Intraoperative MRI (ioMRI) soon may be must-have technology for many if not most neurosurgical suites, but those looking to take the plunge for their brain-tumor service line should expect longer procedure times and more scrupulous pre-operative room preparation.
The longer times will owe mainly to patient positioning and the extra caution to check-listing for things like magnet-safe OR supplies and equipment, according to a study published online Aug. 12 in Clinical Radiology.
Corresponding author Karina Castellon-Larios, MD, of Ohio State University and colleagues conducted a prospective study of 159 neurosurgery procedures performed at Cruces University Hospital in Bizkai, Spain.
ioMRI was used in 109 of the cases (Medtronic’s low-field Polestar M-30 system), while 50 patients who did not have the ioMRI made up the control group.
The procedures included glioma (35.77 percent), pituitary adenoma (24.77 percent) and meningioma resection (16.51 percent), along with various biopsies, metastasis resections and drainages for brain abscess.
The researchers found no statistical significant differences when they compared anesthetic time with surgical time. However, there was a notable difference in duration of patient positioning and total duration of the procedure.
The team recorded mean times as follows:
- Anesthetic time increased from a mean of 78 minutes without ioMRI to 84 with.

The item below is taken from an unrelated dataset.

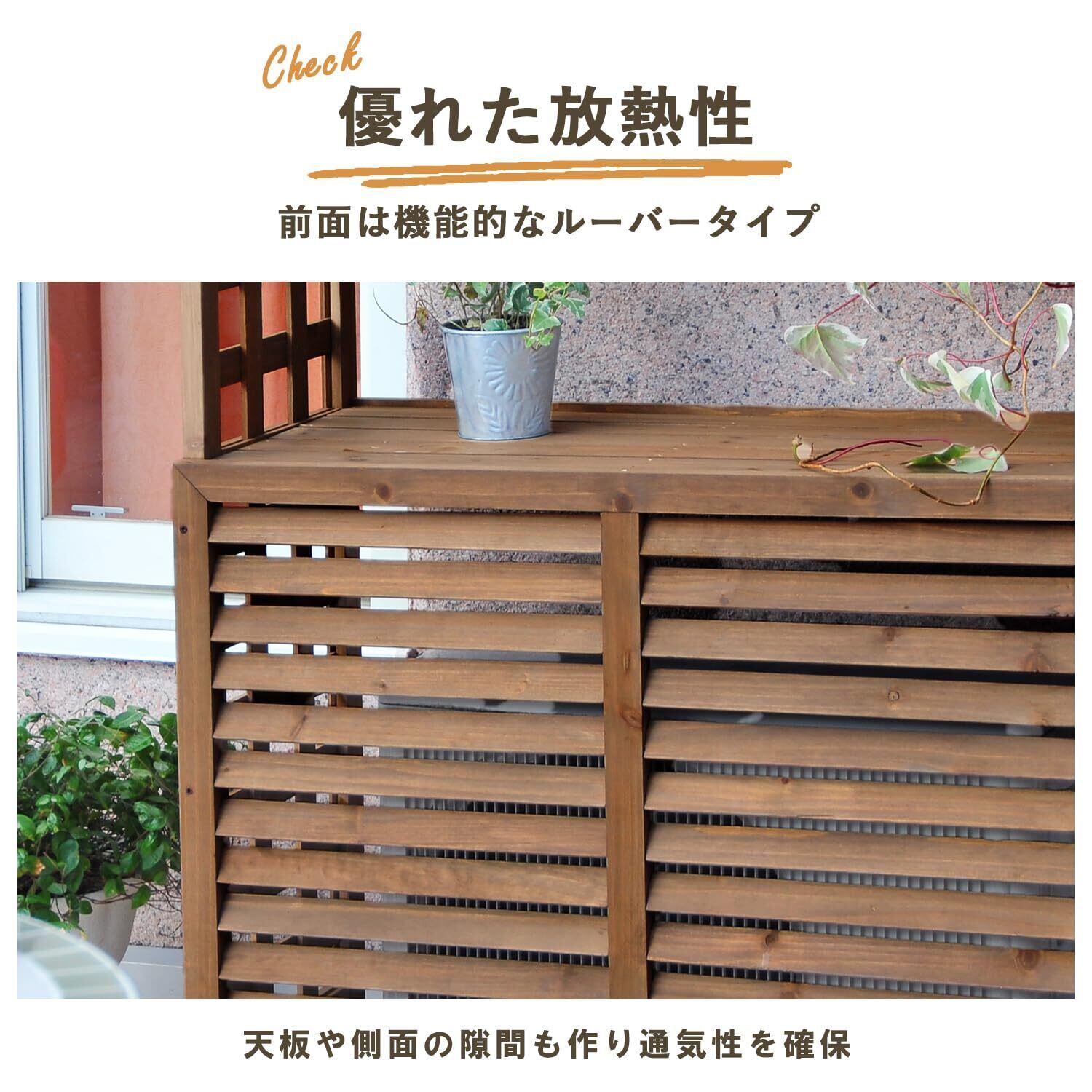 本製品は、エアコン室外機を隠すだけでなく、上部に棚が付いているため、観葉植物や季節のデコレーションなどを置くことができます。空間を有効に活用し、インテリアとしてもご利用いただけます。

- Patient positioning increased from 30 minutes without ioMRI to 88 with.
- Surgical time increased from 276 minutes without ioMRI to 284 with.
- Total time increased from 387 minutes without ioMRI to 458 minutes with.
In addition, the authors note, the use of ioMRI influenced all cases as regards choice of anesthetic material and/or monitoring devices.
Pointing to this finding, they write in their discussion that personnel who will be daily working with the technology in these settings should have proper training on safety in the MRI environment.
They also recommend the use of a checklist to minimize risks without slowing down procedures any more than necessary.
The team, which was made up of seven anesthesiologists and a neurosurgeon, further stress that ORs need to be equipped with “MR-safe” or “MR-conditional” equipment.
“The anesthesia equipment has to be able to be modified to allow head access during image acquisition,” write Castellon-Larios and colleagues. “Careful positioning of the patient in the ioMRI machine is important to reduce complications due to poor monitoring capability.”
The integration of ioMRI to the neurosurgical setting “seems inevitable,” they add, “and although it provides many advantages, anesthesia delivery is challenging because of the limitations, risks and demands around the MRI machine.”
The study focused on how ioMRI impacts the day-to-day running of a neuroscurgical suite and so did not look at clinical outcomes.